Datenschutzwissen

Kinderpornographie: Verhindert Datenschutz die Strafverfolgung?

Wenn Zehntausende mögliche Straftäter aus Datenschutzgründen nicht zur Verantwortung gezogen werden können, scheint etwas grundsätzlich nicht zu stimmen. Vor allem im Bereich Kinderpornografie sind die jüngsten Zahlen von verhinderten Fahndungen aufgrund des Datenschutzes ein Alarmsignal.

Verdächtige Anschlussinhaber bleiben unerkannt

2023 gingen beim Bundeskriminalamt (BKA) mehr als 180.000 Hinweise auf kinderpornografische, digitale Inhalte ein. Absender war das US-amerikanische National Center for Missing and Exploited Children (NCMEC). Viele dieser Hinweise waren mit IP-Adressen verknüpft, die eine Identifikation von internetfähigen Geräten ermöglichen. Aus Datenschutzgründen sind dem BKA weitgehend die Hände gebunden, solche Verdachtsfälle selbst zu ermitteln. Das ist aber nicht einmal die schlechteste Nachricht in diesem Zusammenhang.

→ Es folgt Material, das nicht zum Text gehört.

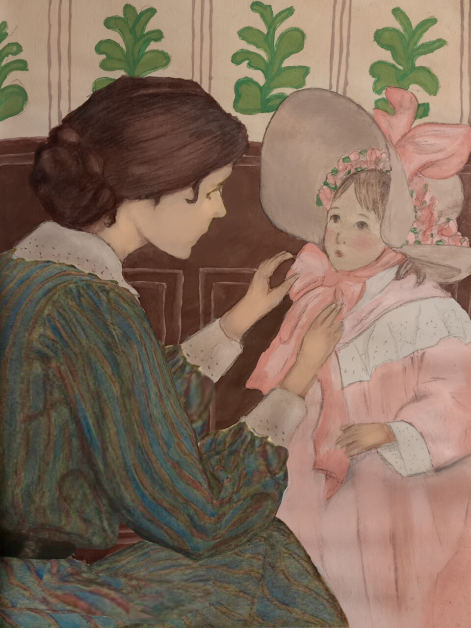 Я хотела передать на рисунке момент тепла и заботы, которую дарит нам мама. Ведь мама - это тот человек, который всегда помогает своему ребёнку, поддерживает и делает обычные моменты особенными. Здесь мама помогает дочке с образом, и в этом простом жесте - вся её любовь и нежность.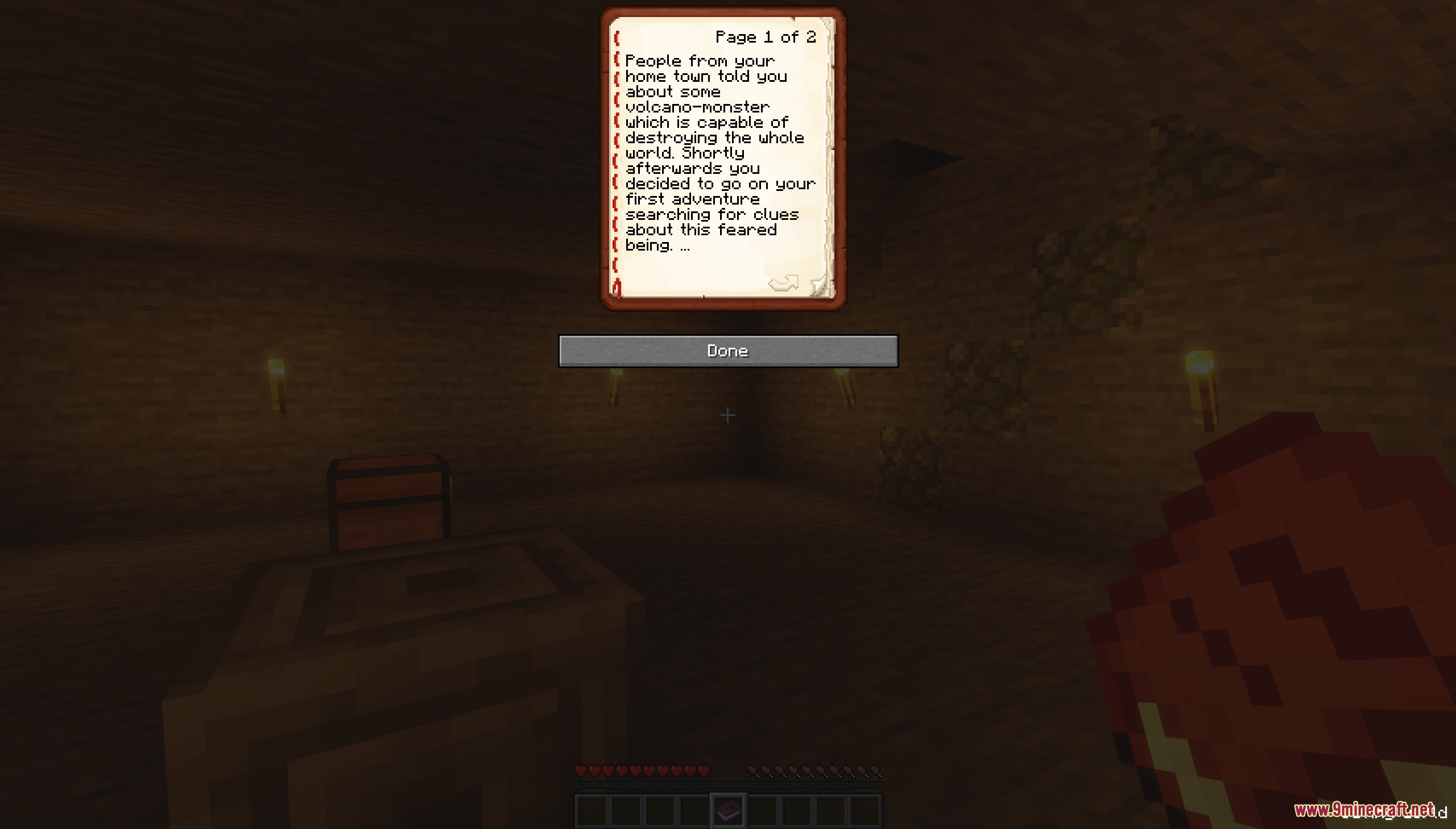 The First Adventure Map (1.21.11, 1.20.1) is a story-driven Minecraft RPG map where you play as a young adventurer who has just left the town of Turcavia to stop a dangerous volcano monster threatening the overworld. Your journey begins deep in caves filled with obstacles and challenges as you search for clues about the creature’s location and how it can be defeated. Along the way, you’ll encounter puzzles, mazes, parkour sections, and combat encounters, including minibosses and a final boss battle. Combining exploration, problem-solving, and action, the map delivers a classic adventure experience where players must overcome trials and uncover secrets to ultimately save the world from destruction.

Von diesen Hinweisen mussten nun 16.923 Verfahren zu Kinder- und Jugendpornografie bei Internetnutzern aus Deutschland endgültig unaufgeklärt eingestellt werden. Hintergrund: Obwohl die zu möglichen Tätern führenden IP-Adressen der Kriminalbehörde vorlagen, waren diese von ihr nicht gespeichert worden. Denn weil es keine verpflichtenden Regeln über diese sogenannte Verkehrsdatenspeicherung gibt, wurden diese „digitalen Fingerabdrücke“ nicht genutzt. Politiker, wie Baden-Württembergs Justizministerin Marion Gentges (CDU), warnen nun vor unerkannten Tätern im fünfstelligen Bereich und sprechen von „digitalen Sicherheitslücken“.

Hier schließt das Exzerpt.